- _Task to carry out_
Copy task for the material below: print the line with "Lyrics of Aap" and every line after it to the end, exactly as written, without the pictures.

- _Information supplied_
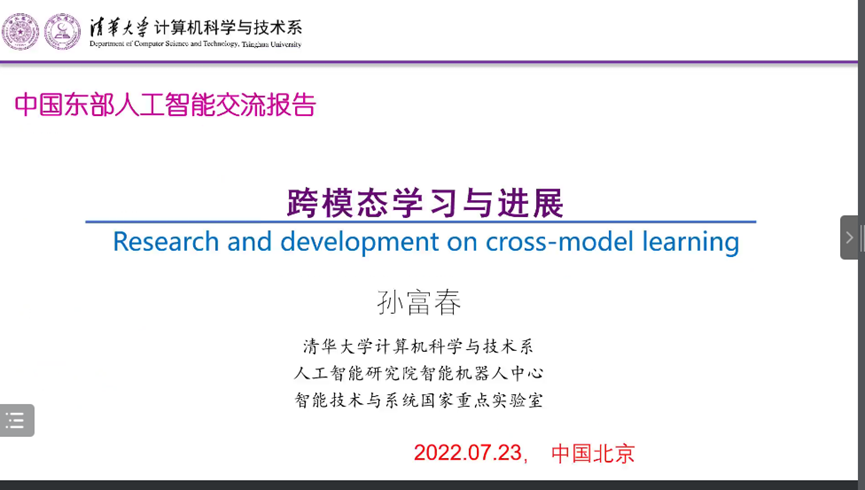 孫富春教授,中國(guó)人工智能學(xué)會(huì)副理事長(zhǎng)、ieee 會(huì)士、caai 會(huì)士、國(guó)家杰青、清華大學(xué)計(jì)算機(jī)科學(xué)與技術(shù)系教授、清華大學(xué)校學(xué)術(shù)委員會(huì)委員、智能技術(shù)與系統(tǒng)國(guó)家重點(diǎn)實(shí)驗(yàn)室常務(wù)副主任,報(bào)告主題是“跨模態(tài)學(xué)習(xí)的研究與進(jìn)展”。
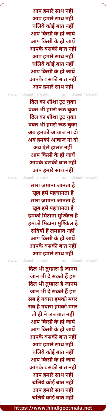 Lyrics of Aap Hamare Saath Nahin - आप हमारे साथ नहीं
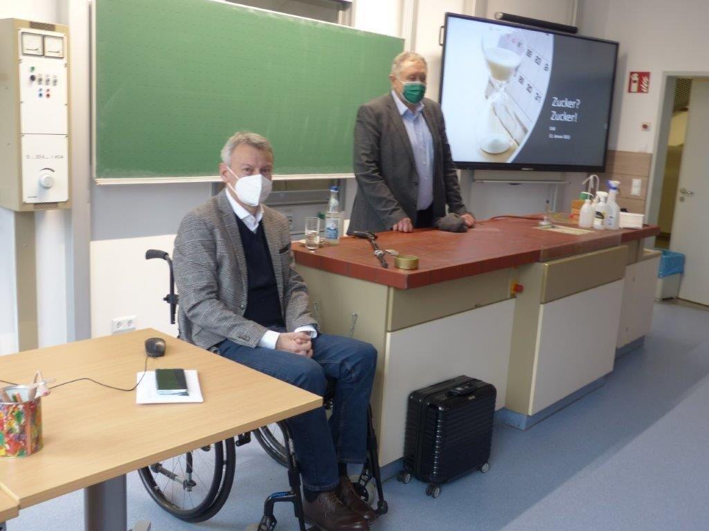 Daher freuten sich alle sehr, dass man den „Zuckerexperten“ kurzfristig für einen Vortrag zum Thema vor dem W-Seminar „Zucker“ gewinnen konnten. Das Seminar von Claus Markstädter beschäftigt sich mit technischen, wirtschaftlichen und gesundheitlichen Aspekten der Herstellung und des Konsums von Zucker. In seinem leidenschaftlichen Vortrag informierte Dr. Zeller die Schülerinnen und Schüler über die Geschichte der weltweiten Verbreitung des Zuckerrohrs und der Zuckerrübe in Deutschland und Europa. Dabei erwähnte er auch die unrühmliche Rolle, welche Zuckerrohr durch die Expansion der Anbauflächen von Westafrika nach Amerika bei der Ausbreitung der Sklaverei spielte. Darüber hinaus konnte er den Seminarteilnehmern die enorme wirtschaftliche und politische Dimension der Zuckerproduktion aufzeigen.
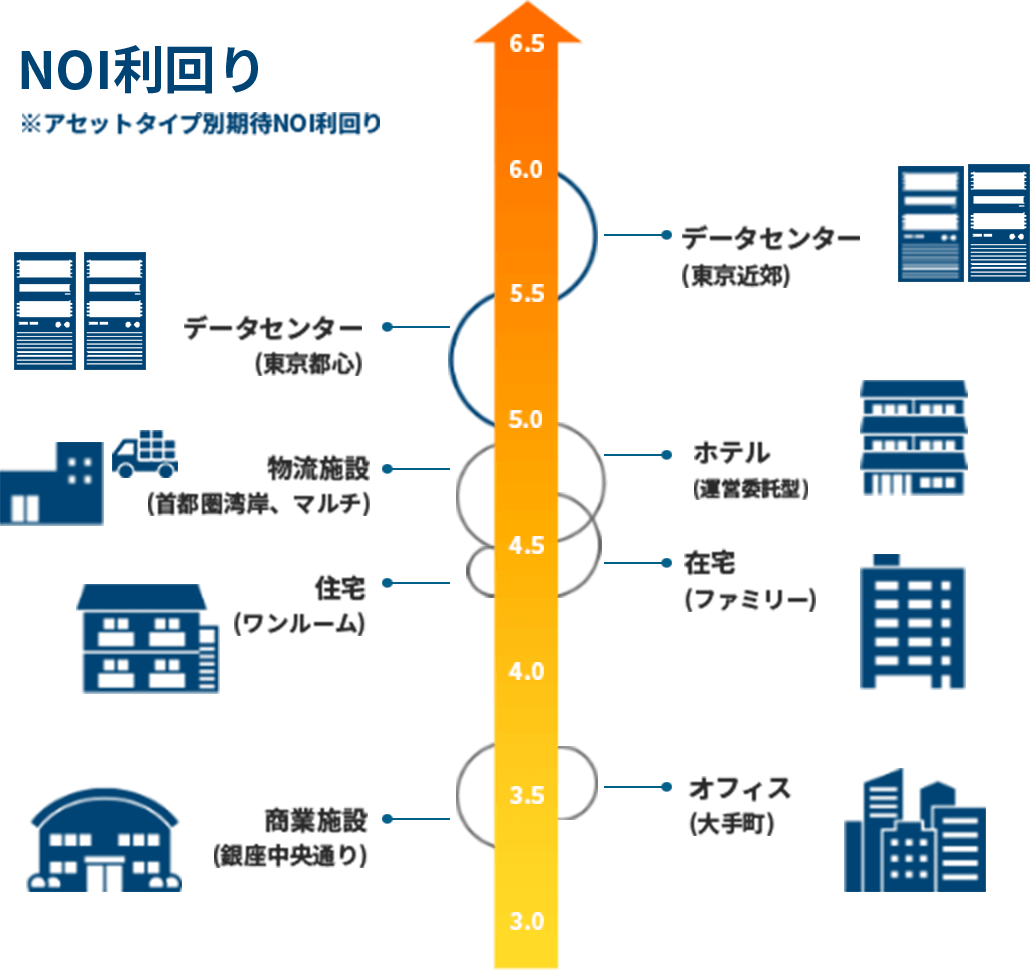 東京大手町のオフィスの期待NOI利回り3.5%に対して、

- _Solution_
 Lyrics of Aap Hamare Saath Nahin - आप हमारे साथ नहीं
 Daher freuten sich alle sehr, dass man den „Zuckerexperten“ kurzfristig für einen Vortrag zum Thema vor dem W-Seminar „Zucker“ gewinnen konnten. Das Seminar von Claus Markstädter beschäftigt sich mit technischen, wirtschaftlichen und gesundheitlichen Aspekten der Herstellung und des Konsums von Zucker. In seinem leidenschaftlichen Vortrag informierte Dr. Zeller die Schülerinnen und Schüler über die Geschichte der weltweiten Verbreitung des Zuckerrohrs und der Zuckerrübe in Deutschland und Europa. Dabei erwähnte er auch die unrühmliche Rolle, welche Zuckerrohr durch die Expansion der Anbauflächen von Westafrika nach Amerika bei der Ausbreitung der Sklaverei spielte. Darüber hinaus konnte er den Seminarteilnehmern die enorme wirtschaftliche und politische Dimension der Zuckerproduktion aufzeigen.
 東京大手町のオフィスの期待NOI利回り3.5%に対して、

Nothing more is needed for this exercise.